Serologic testing and tissue diagnosis with renal biopsy if noninvasive evaluation is not sufficient for diagnosis. (See 'Serologic testing and role of renal biopsy' below.)

Determination of disease duration — The determination of disease duration is an important aspect of the evaluation. Making this determination accurately requires the availability of older data for comparison. Knowing the disease duration helps to narrow the differential diagnosis of cause and to provide prognostic information to guide management.

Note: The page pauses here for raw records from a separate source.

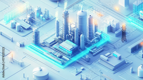 factory, infrastructure, complex, industrial, technology, futuristic, graphic, manufacturing, three-dimensional, illustration, industry, modern, design, isometric, architecture, building, plant, engineering, machinery, model, production, energy, abstract, digital, automation, development, network, perspective, power, geometric, pipe, pipeline, white, construction, equipment, detailed, future, image, innovation, process, progress, refinery, structure, system, visual, rendering, tower, art, chimney
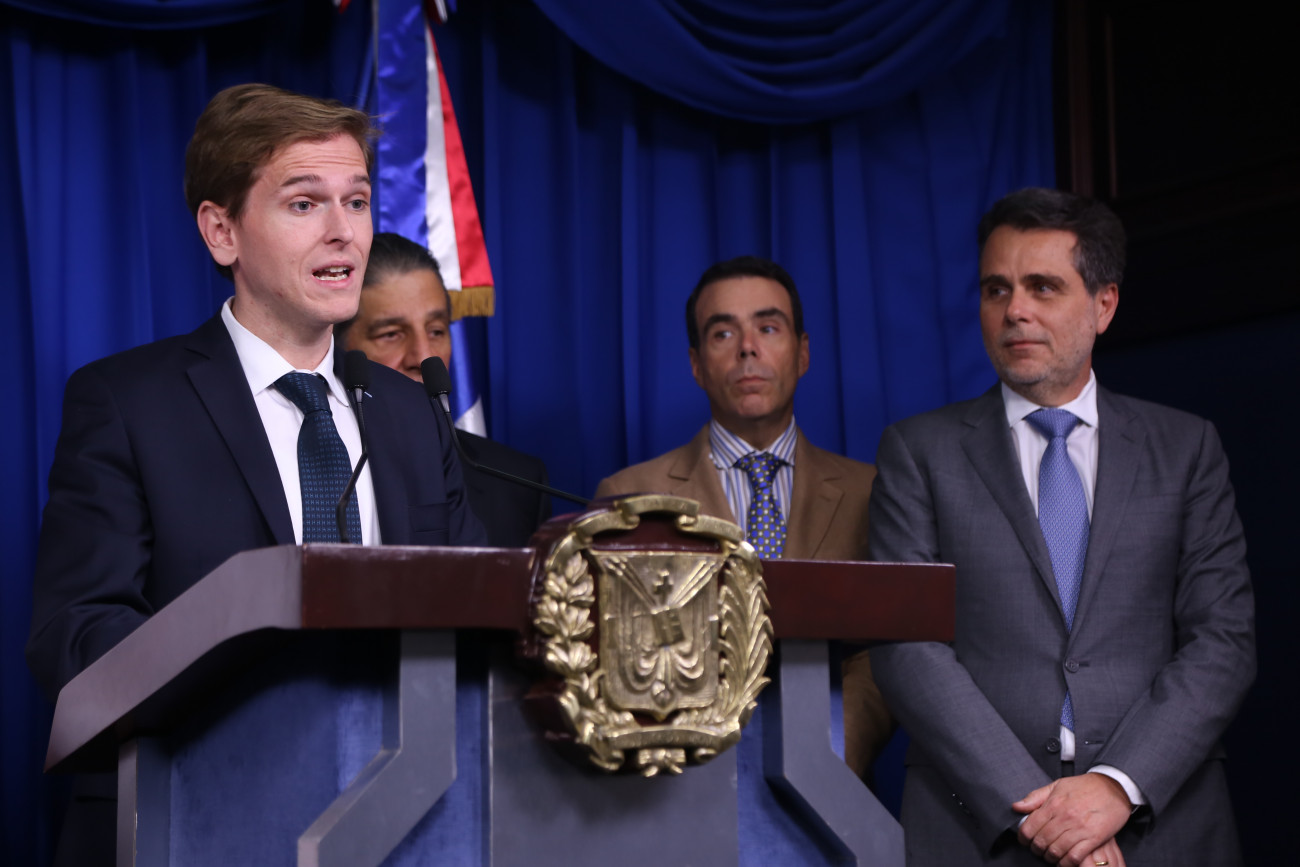 Ejecutivos del grupo empresarial Ágora, la cadena hotelera Hilton y del complejo Santiago Center, durante rueda de prensa en el Salón Orlando Martínez del Palacio Nacional.
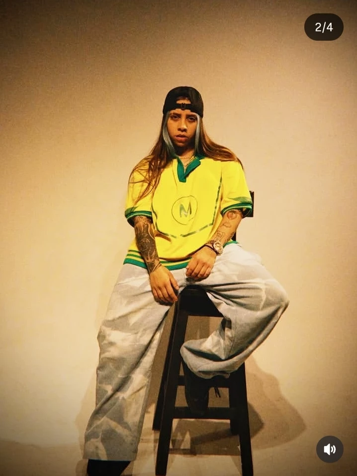 Intro. He is wearing dark shoes (they don't look fully detailed, but they look like black sneakers or boots). He wears wide-leg pants, urban style, light in color (gray or very pale blue), loose and relaxed, which reinforce his masculine and street vibe. On her wrists you can see a watch and discreet accessories. His arms have visible tattoos that cover part of the forearm, giving him a strong and authentic style. He is wearing a yellow polo shirt or sweater with green details, quite loose, which matches his urban aesthetic. Her posture is open and confident, sitting on a high bench with her legs apart, showing confidence and commanding presence. Her hair is long, straight, with light strands (light blue or very light blonde) in the front. He wears a black cap pushed back, reinforcing his masculine style. His expression is serious, intense, with a direct look at the camera. He doesn't smile; It conveys character, security and a defiant air.
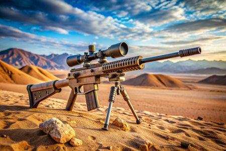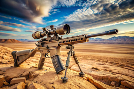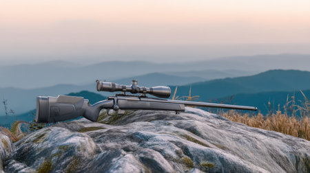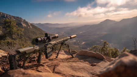 A sleek high precision rifle mounted with a scope rests on a rocky terrain in a natural setting.
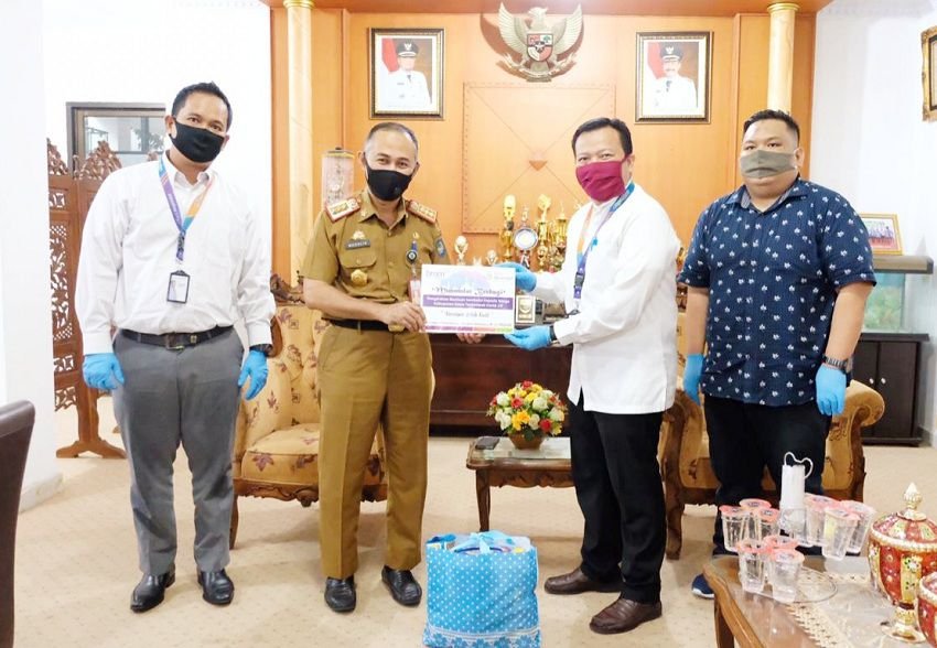 Kantor Cabang Pembantu (KCP) Bank Muamalat Kabupaten Gowa, menyerahkan bantuan paket sembako kepada Pemerintah Kabupaten (Pemkab) Gowa, Senin (08/06/2020).

The distinction among acute kidney injury (AKI), subacute injury, and chronic kidney disease (CKD) is arbitrary, but the following definitions have been established by consensus panels:

Acute – AKI is defined by a rise in the serum creatinine concentration or an abnormal urinalysis that has developed within hours to days. Consensus criteria for AKI include an increase in serum creatinine by ≥0.3 mg/dL (27 micromol/L) relative to a known baseline value within 48 hours, or an increase to ≥1.5 times the known or presumed baseline value within seven days, or a decrease in urine volume to <3 mL/kg over six hours (Kidney Disease: Improving Global Outcomes [KDIGO]-AKI) (table 2).

AKI is most commonly diagnosed in hospitalized patients. (See "Definition and staging criteria of acute kidney injury in adults".)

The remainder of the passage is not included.